Gevra, Dipka, Kusmunda open cast coal mines in Korba, Chhattisgarh are largest in India and biggest men-made structure visible in satellite images of India. Major coal companies are SECL, Adani, Jindal which operates multiple coal mines across north east Chhattisgarh.

Information and technologies 
In recent years, Chhattisgarh is also receiving exposure in information technology (IT) projects and consultancy. Its government is also promoting IT and has set up a body to take care of IT solutions. The body, known as CHiPS, is providing large IT projects such as Choice, Swan, and so forth.

Major companies 
Major companies with a presence in the state include:
 Metal: Bhilai Steel Plant, Jindal Steel and Power, Bharat Aluminium Company
 Oil: Indian Oil Corporation, Hindustan Petroleum Corporation Limited
 Mining: NMDC, South Eastern Coalfields
 Power : NTPC, Lanco Infratech, KSK Energy Ventures, Jindal Power Limited

Exports 
Chhattisgarh's total exports were US$353.3 million in 2009–10. Nearly 75% of exports comes from Bhilai and the remaining from Urla, Bhanpuri, and Sirgitti. The major exports products include steel, handicrafts, handlooms, blended yarn, food and agri-products, iron, aluminium, cement, minerals, and engineering products. CSIDC (Chhattisgarh State Industrial Development Corporation Limited) is the nodal agency of the government of Chhattisgarh for export promotion in the state.

Media 
Mainline print media present in Chhattisgarh are Hari Bhoomi, Dainik Bhaskar, Patrika, Navabharat, and Nai Duniya.

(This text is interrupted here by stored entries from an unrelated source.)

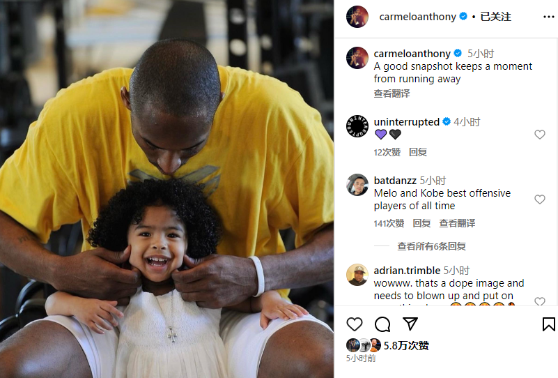 卡梅罗-安东尼INS晒科比和GIGI旧照祝科比生日快乐:一张好的抓拍可以让时间永存。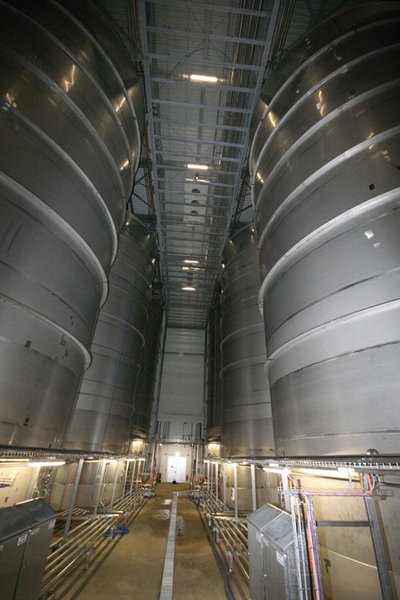 „Willkommen im Apfelland“ sagen die Plantagen rechts und links der Straßen, ist man rund um Dodow, Schwechow, Warlitz, Hagenow oder Bantin mit dem Auto unterwegs. „300 Hektar pflanzen wir gerade neu“, ergänzt Jehring. 25.000 Tonnen Ernte werden in diesem Jahr erwartet. Und auch wenn diese Menge Äpfel schon das Vorstellungsvermögen jedes Laien sprengt: Es wird zugekauft, von Obstbauern und Zwischenhändlern aus ganz Norddeutschland. 40.000 Tonen kommen so pro Jahr zusammen. In der Erntezeit, so wie jetzt, transportieren die Laster unaufhörlich Apfelbäckchen zur Verarbeitungsstätte. Dort wachen Bereichsleiter Rüdiger Brandtstätter – natürlich aus Dodow – und seine Kollegen über die im Schichtbetrieb fortlaufende Entsaftung. Anders als beim privaten Saftmachen wird die Flüssigkeit hier unmittelbar nach dem Pressen hoch erhitzt, um die Wirkung der apfeleigenen Pektine zu unterbinden. „Dieses Enzym würde sonst dafür sorgen, dass sich zum Beispiel im naturtrüben Apfelsaft irgendwann eine dickere Schicht absetzt“, begründet Brandtstätter. „Das hat auf den Geschmack überhaupt keinen Einfluss, der Saft würde im Supermarkt aber eher stehen bleiben, weil er optisch nicht so schön ist.“ Später, vor der Einlagerung in die riesigen Saft-Tanks, folgt eine zweite Erhitzung, die den Saft steril und damit beständig macht. Zwölf Tanks mit einem Fassungsvermögen von jeweils 1,5 Millionen Liter hat das Unternehmen jüngst gebaut, jeder 18 Meter hoch und mit einem Durchmesser von 13 Metern.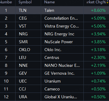 Nuclear Energy Stocks Rise. Talen Up 9%; Constellation Energy And Vistra Up 5%; NRG, NuScale And Oklo Up 3%

Human Development Indicators

HDI 
As of 2018 Chhattisgarh state had a Human Development Index value of 0.613 (medium), ranks 31st in Indian states & union territories. The national average is 0.647 according to Global Data lab.

Standard of living 
The standard of living in Chhattisgarh is extremely imbalanced. The cities such as Durg, Raipur, Bhilai and Bilaspur have a medium to high standard of living, while the rural and forested areas lack even the basic resources and amenities. For example, Bhilai has a literacy rate of 86%, while Bastar has a literacy rate of 54%.

Raipur, the capital of Chhattisgarh, is one of the fastest developing cities in India. Atal Nagar (Formerly Naya Raipur) is the new planned city that is touted to become the financial hub of the Central Indian region. New world class educational institutions and hospitals have already been established in the city.

Education Index 

Chhattisgarh has an Education Index of 0.526 according to the 2011 NHDR, which is higher than that of the states of Bihar, Jharkhand, Uttar Pradesh, Rajasthan. The Average Literacy rate in Chhattisgarh for Urban regions was 84.05 percent in which males were 90.58% literate while female literacy stood at 73.39%. Total literates in the urban region of Chhattisgarh were 4,370,966.

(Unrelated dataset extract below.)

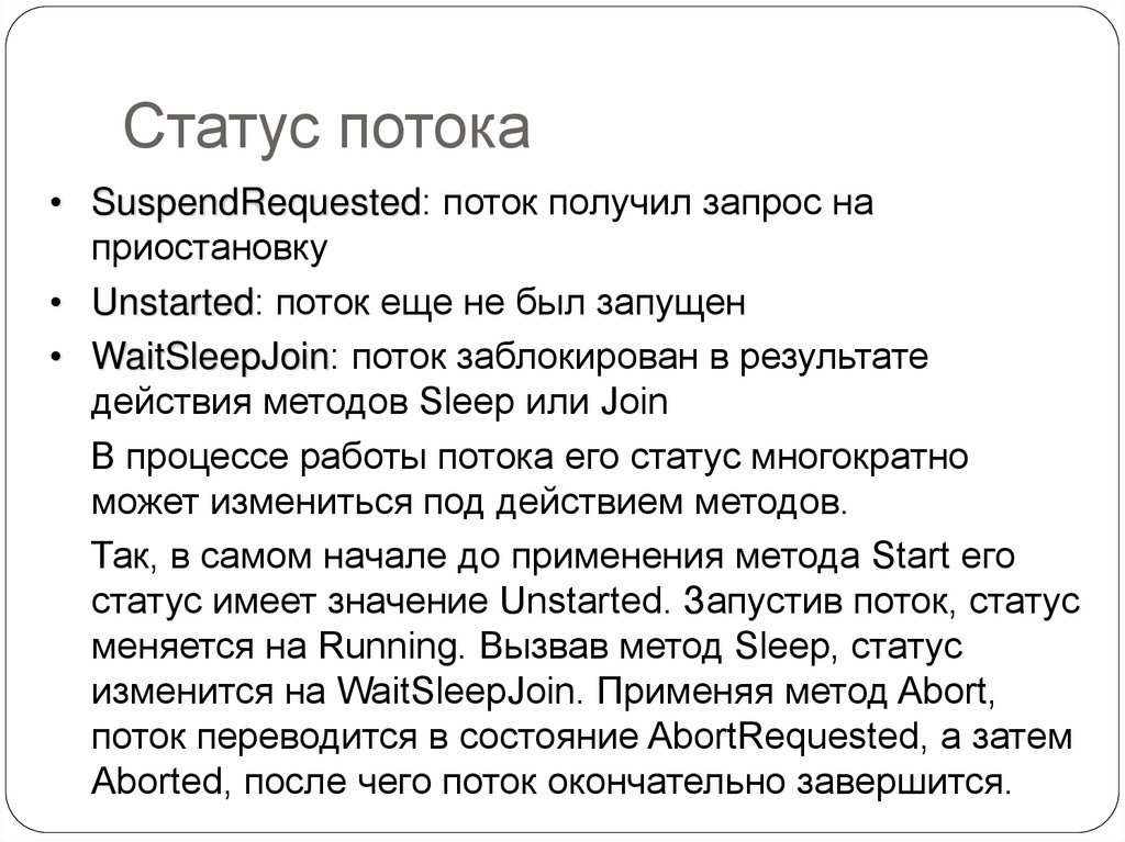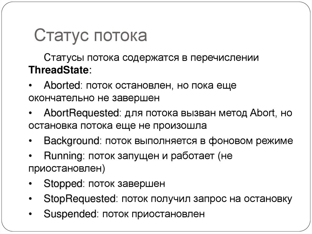 Статус потокаСтатусы потока содержатся в перечислении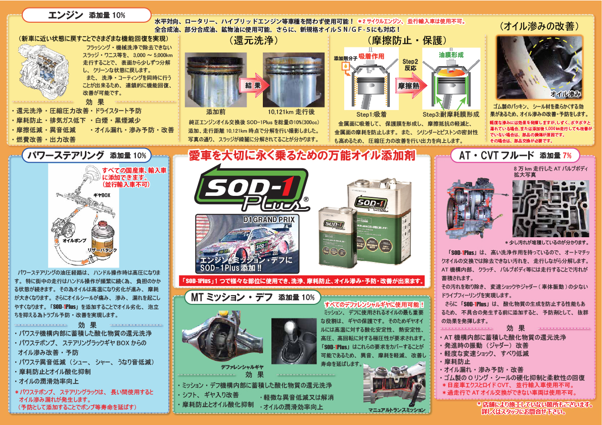 万能オイル添加剤「SOD-1Plus」の製品パンフレットです。

Among the marginalized groups, STs are at the bottom of the rankings, further emphasizing the lack of social development in the state. Bastar and Dantewada in south Chhattisgarh are the most illiterate districts and the dropout ratio is the highest among all the districts. The reason for this is the extreme poverty in rural areas.

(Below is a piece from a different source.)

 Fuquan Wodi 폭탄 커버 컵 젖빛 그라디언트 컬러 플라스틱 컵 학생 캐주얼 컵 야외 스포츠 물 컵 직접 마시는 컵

Ramakrishna Mission Asharama Narainpur serves the tribals at the abhjhmad jungle region of Chhattisgarh for their upliftment and education.

As per census 2011, the State has population of 25.5 million and six medical colleges ( five Government and one private) with intake capacity of 700 students and doctor patient ratio of 1:17,000.
Under The NITI Aayog released Health Index report titled, "Healthy States, Progressive India", Chhattisgarh has an index of 52.02 Out of 100, which is better than states such as Madhya Pradesh, Haryana, Rajasthan, Odisha, Bihar, Assam and Uttar Pradesh.

Despite different health-related schemes and programs, the health indicators such as the percentage of women with BMI<18.5, Under Five Mortality Rate and underweight children, are poor. This may be due to the difficulty in accessing the remote areas in the state. The prevalence of female malnutrition in Chhattisgarh is higher than the national average—half of the ST females are malnourished. The performance of SCs is a little better than the corresponding national and state average. The Under Five Mortality Rate among STs is significantly higher than the national average.

Net state domestic product 
Chhattisgarh is one of the emerging states with relatively high growth rates of net state domestic product (NSDP) (8.2% vs. 7.1% All India over 2002–2008) and per capita NSDP (6.2% vs. 5.4% All India over 2002–2008). The growth rates of the said parameters are above the national averages and thus it appears that Chhattisgarh is catching up with other states in this respect. However, the state still has very low levels of per capita income as compared to the other states.

Urbanisation 
Out of total population of Chhattisgarh, 23.24% people live in urban regions. The total figure of population living in urban areas is 5,937,237 of which 3,035,469 are males and while remaining 2,901,768 are females.

Raipur, Durg, Bhilai Nagar, Bilaspur, Korba, Jagdalpur, Rajnandgaon, Ambikapur and Raigarh are some of the urban towns and cities in the region.

Sex ratio 
There are more than 13 million males and 12.9  million females in Chhattisgarh, which constitutes 2.11% of the country's population. The sex ratio in the state is one of the most balanced in India with 991 females per 1,000 males, as is the child sex-ratio with 964 females per 1,000 males (Census 2011)

Fertility rate 
Chhattisgarh has a fairly high fertility rate (2.4) as of 2017 compared to All India (2.2) and the replacement rate (2.1). It has a rural fertility rate of 2.6 and urban fertility rate of 1.9

SC and ST population 
With the exception of the hilly states of the north-east, Chhattisgarh has one of highest shares of Scheduled Tribe (ST) populations within a state, accounting for about 10 percent of the STs in India. Scheduled Tribes make up 30.62% of the population. The tribals are an important part of the state population and mainly inhabit the dense forests of Bastar and other districts of south Chhattisgarh. The percentage increase in the population of the scheduled list of tribals during the 2001–2011 decade had been at the rate of 18.23%. The Scheduled Caste (SC) population of Chhattisgarh is 2,418,722 as per 2001 census constituting 11.6 percent of the total population (20,833,803). The proportion of Scheduled Castes has increased from 11.6 percent in 2001 to 12.8% in 2011.

Poverty 

The incidence of poverty in Chhattisgarh is very high. The estimated poverty ratio in 2004–05 based on uniform reference period consumption was around 50 per cent, which is approximately double the all India level. The incidence of poverty in the rural and urban areas is almost the same.

More than half of the rural STs and urban SCs are poor. In general, the proportion of poor SC and ST households in the state is higher than the state average and their community's respective national averages (except for rural SC households). Given that more than 50 percent of the state's population is ST and SC, the high incidence of income poverty among them is a matter of serious concern in the state.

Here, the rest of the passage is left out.